North Korea to open up for cooling tower blast: media
SEOUL (Reuters) - Secretive North Korea wants to invite five foreign news companies to record the destruction of the cooling tower at its ageing nuclear complex in a show of its will to abide by a disarmament deal, media reported on Monday.
South Korea's top nuclear envoy said he expects North Korea to soon provide a full accounting of its nuclear weapons program as called for in an international disarmament-for-aid deal, and then blow up the tower to underscore its commitment to the pact, the daily JoongAng Ilbo reported.
U.S. news network CNN was one of the outlets invited, envoy Kim Sook said, adding one South Korean broadcaster would also be on hand for the event at the North's Yongbyon nuclear complex, about 100 km (60 miles) north of Pyongyang.
In September 2005, impoverished North Korea agreed to abandon its nuclear weapons programs in exchange for economic and diplomatic incentives under an accord negotiated among the two Koreas, China, Japan, Russia and the United States.
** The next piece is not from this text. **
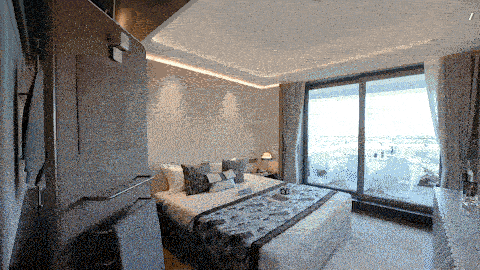 为了呼应游轮度假的空间风格美学,无处不在的弧形元素被运用空间中。突破传统的吊顶营造工艺,项目在客厅和卧室都采用了难度极高的GRG一次成型吊顶工艺,为业主打造出了一个独一无二的曲面圆弧吊顶,让室内空间具有层次感。

It later agreed that by the end of 2007 it would provide a list of its nuclear programs as well as start taking apart its Soviet-era reactor, a plant that produces nuclear fuel and another that turns spent fuel into arms-grade plutonium.
It has mostly lived up to its pledges to disable the Yongbyon nuclear complex, South Korean, U.S. and Japanese government officials said, but has yet to give a complete nuclear inventory and answer U.S. suspicions of having a secret program to enrich uranium for weapons and proliferating technology to the likes of Syria.